To control for institutional features of labor markets, we include plant shares of social-security contributions, non-wage payments, and profit-sharing with workers in total labor costs.

Table 5 presents results for the relative-wage regressions. Relative wages are defined as the log ratio of white collar to blue-collar average annual average annual wages. To address the possibility of multicollinearity, we begin by regressing in the first column relative wages on the two trade policy variables without any other controls. We then redo the analysis in first differences in the second column. Unfortunately, due to very little time series variation in many of the other independent variable, we only redo (1) in first differences. In the third column, we add other measures of openness. In the fourth column we add technology and labor market institution variables. Finally, in the fifth column we add additional measures of technological change. so

In columns (1) and (2), the results are mixed: high industry tariffs are associated with greater wage inequality, while high quotas are associated with the opposite. The second column reports the same regression in first differences: changes in relative wages were regressed on changes in tariffs and quotas. The results are again inconclusive: there is no statistically significant correlation between changes in relative wages and changes in trade policy.

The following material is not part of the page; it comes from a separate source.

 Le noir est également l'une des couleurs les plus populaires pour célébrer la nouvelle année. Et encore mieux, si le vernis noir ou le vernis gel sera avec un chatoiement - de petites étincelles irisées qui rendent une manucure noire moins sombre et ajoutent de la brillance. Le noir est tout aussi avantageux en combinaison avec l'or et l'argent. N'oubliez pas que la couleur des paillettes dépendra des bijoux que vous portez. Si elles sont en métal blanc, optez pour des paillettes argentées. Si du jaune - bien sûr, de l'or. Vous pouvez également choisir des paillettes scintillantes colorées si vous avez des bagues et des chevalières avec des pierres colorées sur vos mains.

In the next three columns, we redo the analysis, controlling for other measures of openness, technology, capital intensity, size, and labor market institutions. Consider first the results for export activity, foreign ownership, and trade protection. Plants that participate in foreign product or capital markets appear to pay relatively high wages to skilled labor. Relative wages are positively and significantly correlated with the industry share of exports in sales, indicating that the skilled-unskilled wage gap is higher in high-export industries.

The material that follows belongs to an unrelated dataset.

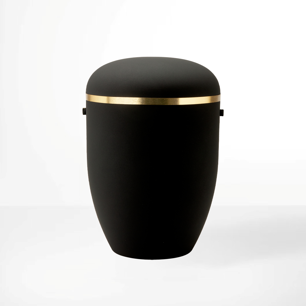 Urna tillverkad av Arboform, en ekologisk trämassa, som till 100% är biologiskt nedbrytbar. Den nätta guldfärgade dekoren ger urnan en känsla av elegans. Finns i färgerna grafit, hav, jord, kalk, kol, mossa, plommon och äggskal. Sänkband i linne medföljer.

Relative wages are also positively correlated with plant-level foreign investment, but not with sector-level FDI. These results suggest that foreign investment locates in sectors with more income inequality, but that foreign firms themselves pay a higher premium to skilled workers. Consistent with the results in columns (1) and (2), relative wages are not significantly correlated with tariff rates or import-license coverage rates.

Among the technology variables, only the share of royalty payments in plant sales is positively and significantly correlated with relative wages. This result suggests that the skilled-unskilled wage gap is higher in plants that upgrade their technology through licensing arrangements. No other technology variables are statistically significant. Other plant characteristics are also important in explaining variation in the skilled-unskilled wage gap.